Hello David. I just left a comment on Talk at Biblical chronology, following your own comment of about a month ago. Would you be interested in working on this article? (talk) 03:29, 5 December 2014 (UTC) (Reply here - I don't have a user page).

Barnstars for you![edit]

The Jewish Barnstar.png The Jewish Barnstar
For improving existing articles and building others from the ground up, it's hard not to be impressed.
Barnstar quill.png The Citation Barnstar
For accompanying the above with citations, with page numbers. Keep up the referencing.

Contributor613 (talk) 05:15, 17 December 2014 (UTC)

Western Wall[edit]

Perhaps you could help me with a question thats been bothering me. Who built the small stones on the top of the Kotel. It is a widly believed that Montefior built them to protect Jews form Arabs who pelted stones from the other side. However i have heard this is a mere urban myth Naytz (talk) 21:23, 2 January 2015 (UTC)

I have often pondered the same question, but I do not know the answer to the question. It is true that during the Jewish war with the Romans, the surrounding wall of the Temple Mount was made higher. So writes Josephus. But I don't know if what we see today are the same additions added to the original wall, or if they are merely a later addition. - Davidbena (talk) 18:22, 3 January 2015 (UTC)

Flood myth[edit]

Sources need to discuss flood myths explicitly, and Cooper obviously doesn't Using Seder Olam as a source looks like original research, ie your own interpretation of what it says. And note the article isn't about Noah's flood, but flood myths in general. Thanks Dougweller (talk) 15:04, 6 February 2015 (UTC)
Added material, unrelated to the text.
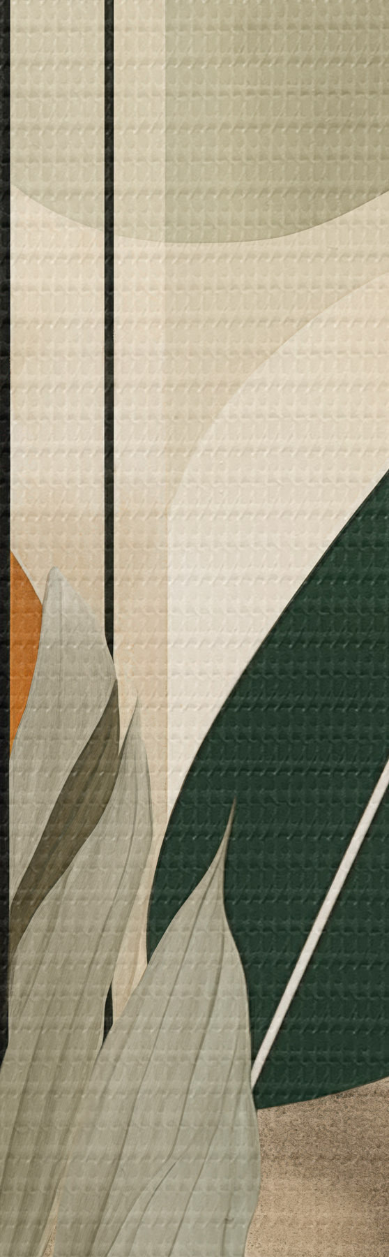 carta da parati Una pianta di colore verde scuro con forme geometriche astratte e texture acquerellate nei toni del beige e del verde nr. s48410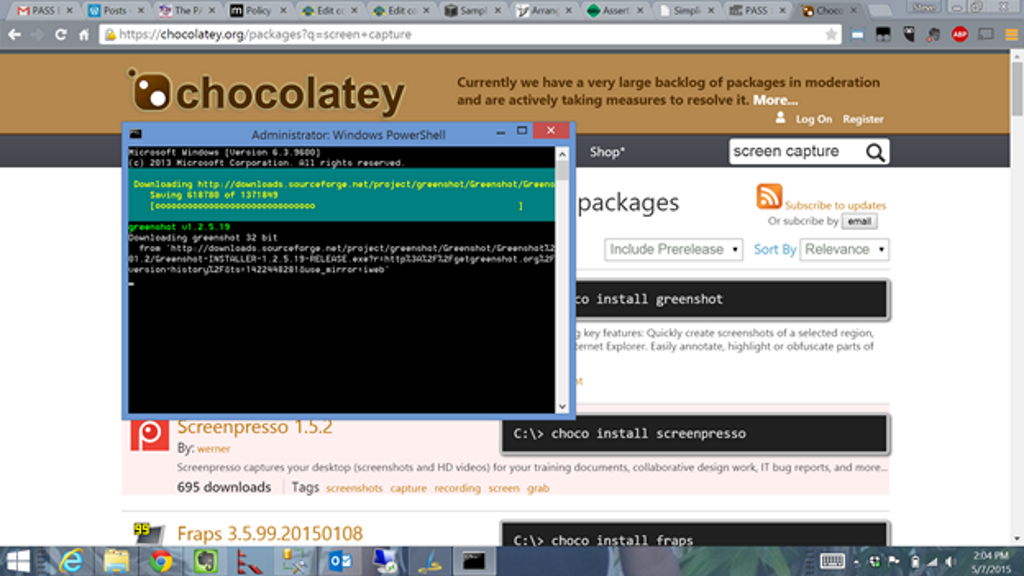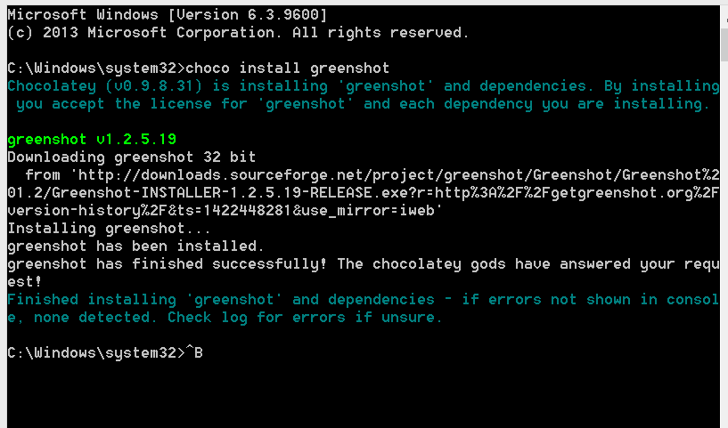 I quickly opened an administrative level command prompt and typed “choco install greenshot” and went along with my work.

Dougweller, I am aware that the article isn't specifically about the flood of Noah, but about "flood myths," in general, which, by its description, should also include the biblical episode of the flood. The idea behind bringing Cooper's research was to show how that it coincides with the biblical timing of the flood, based on the Jewish system of dating. This is plain by reading the research carried out by Prof. Cooper and his co-worker.
Doug, I'd be very pleased if you could help me with this one, because of its vast importance. Of course, since original research is strictly forbidden on Wikipedia, at best we can just mention the research conducted by Prof. Cooper and let others draw their own conclusion.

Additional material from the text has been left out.